For immediate release Thursday 2 April 2015

CYF Review: Expert Panel must consult external organisations working at the coal-face

Grandparents Raising Grandchildren Trust New Zealand welcomes Minister for Social Development, Anne Tolley’s decision to appoint an independent panel to review and lead a “complete overhaul of Child, Youth and Family.”

“This review is a long time coming and we support the Minister’s initiative to appoint this panel to work out how and why the CYF system is failing our children, young people, their families and caregivers,” says Diane Vivian, GRG Founder.

“But to fully understand the problems and how to fix them, the panel must also consult with grassroots community organisations like ours working at the coal-face with vulnerable children and their caregivers.”

“Too many of our grandparent caregivers and their grandchildren have had negative experiences dealing with CYF causing a lack of trust and confidence in the system and its ability to provide services that are in the best interests of the child.
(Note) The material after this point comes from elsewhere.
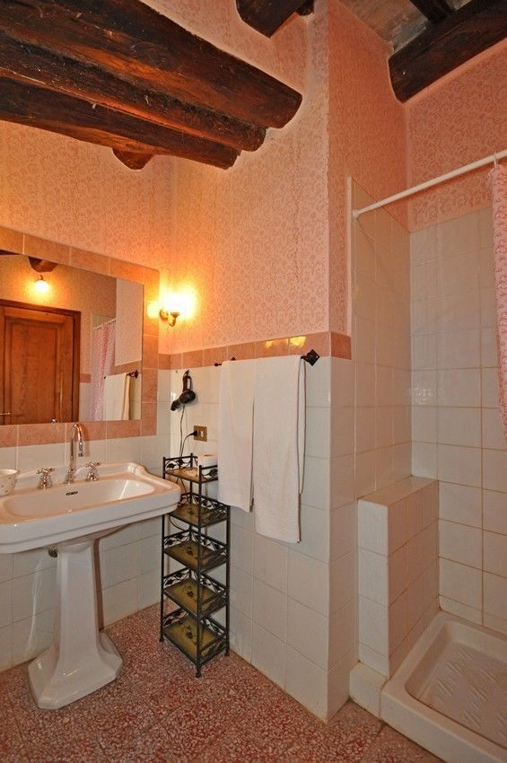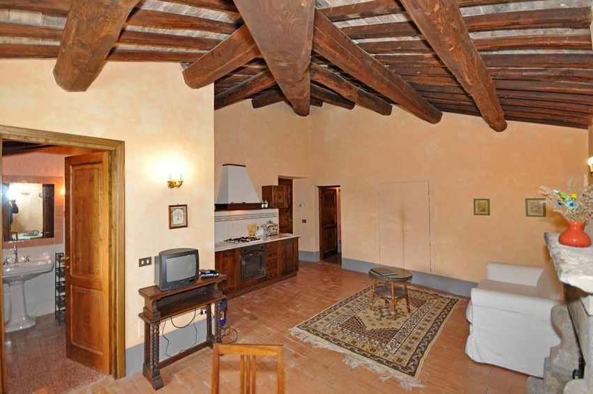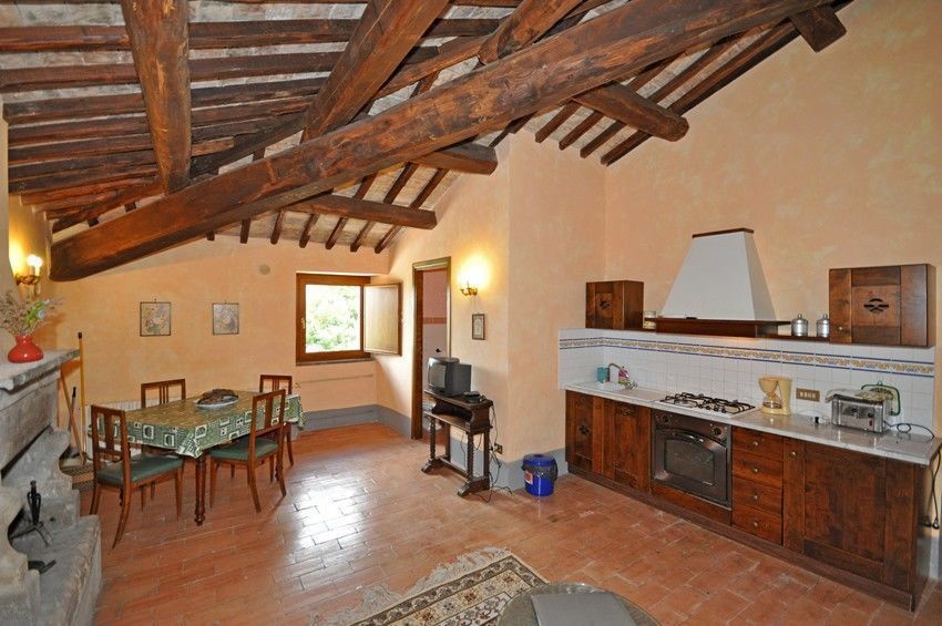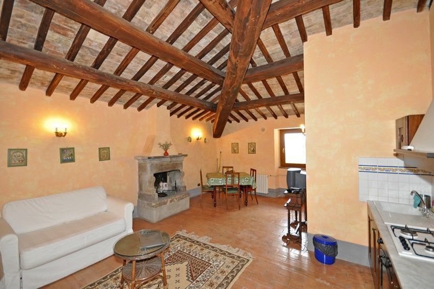 First floor: entrance onto living room (TV) with double sofa bed, fireplace, dining area and kitchen corner (oven, dishwasher, toaster, American coffee maker), double bedroom, bathroom with shower.

“In our case we increasingly find that CYF staff are encouraging grandparents to take on the care of their grandchildren in circumstances where there are clear care and protection issues. But instead of making an application under the CYPF Act the grandparents are being encouraged to make an application under the Care of Children Act 2004. Once orders are made under CoCa and CYF are satisfied with the care arrangements, technically the child is no longer deemed to be ‘in need of care and protection’, so there is no jurisdiction for CYF to cover the ongoing costs of support services such as counselling, therapy and specialist help. The caregivers then get no help for these often traumatised and abused children who desperately need expert help and they are left, literally ‘holding the baby’. It doesn’t solve the problem for these vulnerable children, it just makes it someone else’s problem.”



“Compounding the problem is the difficulty caregivers then face trying to get financial support for these children from Work and Income, and there is a long overdue need to review the benefits and income support legislation too.”

“A top-down review of CYF will only result in workable reforms if it consults with NGOs and community organisations working with these families, because we hear the voices of those it affects most – the vulnerable children and their caregivers.” says Vivian.